Daisy does that and it drives me crazy!!! We home cook for her so it gets really messy at times!!


----------



## Deborah (Jan 8, 2006)

Rylee eats right out of her bowl. She usually eats when we all sit down to dinner. Marshmallow would take the food out of the bowl take it to the carpet and then eat it.

Rylee always knows when I start making dinner. She will come around and eat spinach, carrots, plain lettuce what ever I am using she needs a taste. I also have to tell her no more when I feel she has had enough extra food.


----------



## luvmyfluffybutt (Jan 6, 2012)

Daisy wants to taste everything too, she has a really bad habit of begging when other people are eating.


----------



## Rocky's Mom (Apr 10, 2010)

Yep don't you wonder why so many do that? :smrofl:


----------



## kodie (Aug 24, 2004)

I wonder if its breed specific that maltese grab a piece of food and take it to bed to where ever else and eat it!? :huh: Both of mine do this also!

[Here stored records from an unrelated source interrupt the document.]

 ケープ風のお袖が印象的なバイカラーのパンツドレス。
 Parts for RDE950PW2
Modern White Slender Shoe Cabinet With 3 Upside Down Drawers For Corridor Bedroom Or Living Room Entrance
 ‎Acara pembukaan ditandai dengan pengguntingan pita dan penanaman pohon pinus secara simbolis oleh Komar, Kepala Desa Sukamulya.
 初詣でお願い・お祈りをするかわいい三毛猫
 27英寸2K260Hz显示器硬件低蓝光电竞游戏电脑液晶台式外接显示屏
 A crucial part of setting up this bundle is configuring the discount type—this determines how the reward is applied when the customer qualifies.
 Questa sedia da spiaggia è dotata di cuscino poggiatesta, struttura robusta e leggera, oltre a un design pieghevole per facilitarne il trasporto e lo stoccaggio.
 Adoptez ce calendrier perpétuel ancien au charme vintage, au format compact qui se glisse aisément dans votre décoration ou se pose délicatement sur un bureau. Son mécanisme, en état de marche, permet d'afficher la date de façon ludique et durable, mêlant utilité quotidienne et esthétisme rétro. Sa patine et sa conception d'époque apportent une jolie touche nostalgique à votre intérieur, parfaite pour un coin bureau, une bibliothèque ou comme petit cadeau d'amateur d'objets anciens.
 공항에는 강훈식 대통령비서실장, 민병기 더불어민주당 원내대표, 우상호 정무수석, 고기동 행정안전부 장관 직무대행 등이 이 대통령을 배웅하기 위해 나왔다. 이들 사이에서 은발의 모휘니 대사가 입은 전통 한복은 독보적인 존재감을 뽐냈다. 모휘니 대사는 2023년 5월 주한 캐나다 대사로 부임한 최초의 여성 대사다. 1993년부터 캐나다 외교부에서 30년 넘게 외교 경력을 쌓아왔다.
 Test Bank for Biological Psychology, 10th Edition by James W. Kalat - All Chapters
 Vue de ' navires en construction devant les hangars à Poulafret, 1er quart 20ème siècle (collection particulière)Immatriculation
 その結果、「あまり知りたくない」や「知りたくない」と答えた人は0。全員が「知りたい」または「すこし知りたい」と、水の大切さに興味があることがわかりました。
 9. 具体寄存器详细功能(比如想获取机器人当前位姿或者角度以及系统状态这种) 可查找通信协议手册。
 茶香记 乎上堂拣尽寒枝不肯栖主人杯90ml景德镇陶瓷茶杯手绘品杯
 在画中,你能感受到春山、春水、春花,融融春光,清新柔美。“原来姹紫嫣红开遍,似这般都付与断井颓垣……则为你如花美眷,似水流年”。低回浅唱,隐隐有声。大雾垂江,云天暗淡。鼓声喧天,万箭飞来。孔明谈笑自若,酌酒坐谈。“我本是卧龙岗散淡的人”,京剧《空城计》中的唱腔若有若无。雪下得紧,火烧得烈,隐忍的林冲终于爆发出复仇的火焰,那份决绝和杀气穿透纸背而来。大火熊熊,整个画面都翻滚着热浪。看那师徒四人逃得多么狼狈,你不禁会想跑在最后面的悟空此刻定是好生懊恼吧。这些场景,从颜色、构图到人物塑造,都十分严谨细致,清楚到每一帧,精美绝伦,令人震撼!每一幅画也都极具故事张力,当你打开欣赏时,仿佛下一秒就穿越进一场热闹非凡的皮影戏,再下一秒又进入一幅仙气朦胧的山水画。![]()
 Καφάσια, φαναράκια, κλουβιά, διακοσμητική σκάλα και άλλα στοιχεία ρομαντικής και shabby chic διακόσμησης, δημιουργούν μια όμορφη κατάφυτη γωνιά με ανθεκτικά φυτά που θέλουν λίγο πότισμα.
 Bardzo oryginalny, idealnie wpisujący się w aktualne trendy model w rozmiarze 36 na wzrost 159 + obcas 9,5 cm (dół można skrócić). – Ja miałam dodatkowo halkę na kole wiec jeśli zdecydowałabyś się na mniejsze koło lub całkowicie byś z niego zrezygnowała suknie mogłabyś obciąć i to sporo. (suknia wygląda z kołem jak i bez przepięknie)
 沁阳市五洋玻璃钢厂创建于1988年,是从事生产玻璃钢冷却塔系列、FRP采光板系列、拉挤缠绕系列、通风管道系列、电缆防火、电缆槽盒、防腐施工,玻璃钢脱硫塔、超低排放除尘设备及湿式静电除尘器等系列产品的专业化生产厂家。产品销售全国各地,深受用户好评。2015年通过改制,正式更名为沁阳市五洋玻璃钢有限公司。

I use a flat dish and an almost flat dish for both my pups for their food... they seem to like it better than a round bowl.
Wetnoz Ultra Line Fat Cat Luxury Stainless Steel Cat Bowl | Designer Cat Bowls | Dog Beds UK


----------



## Lovkins mama (Dec 15, 2011)

Missy Magoo said:


> Glad to hear that my little Missy isn't the only one! I have never had a dog that does something like this! My other dogs food sits out all the time, but Missy won't eat it. She waits until I sprinkle some on my bedroom carpet floor. Our bedroom is her "home". It has her crate, her bed, her toys and she sleeps in our bed every night. Our bedroom was the only room she never had an accident in and is now the only room she will eat it! I tried putting her bowl in our bedroom, but nope! It has to be sprinkled on the floor. If I put a pile of it on the floor, she won't eat it either. It has to be "sprinkled". LOL!


 
My lovkins brings his food where ever I am, and eat one piece at a time. You have some pretty babies there!


----------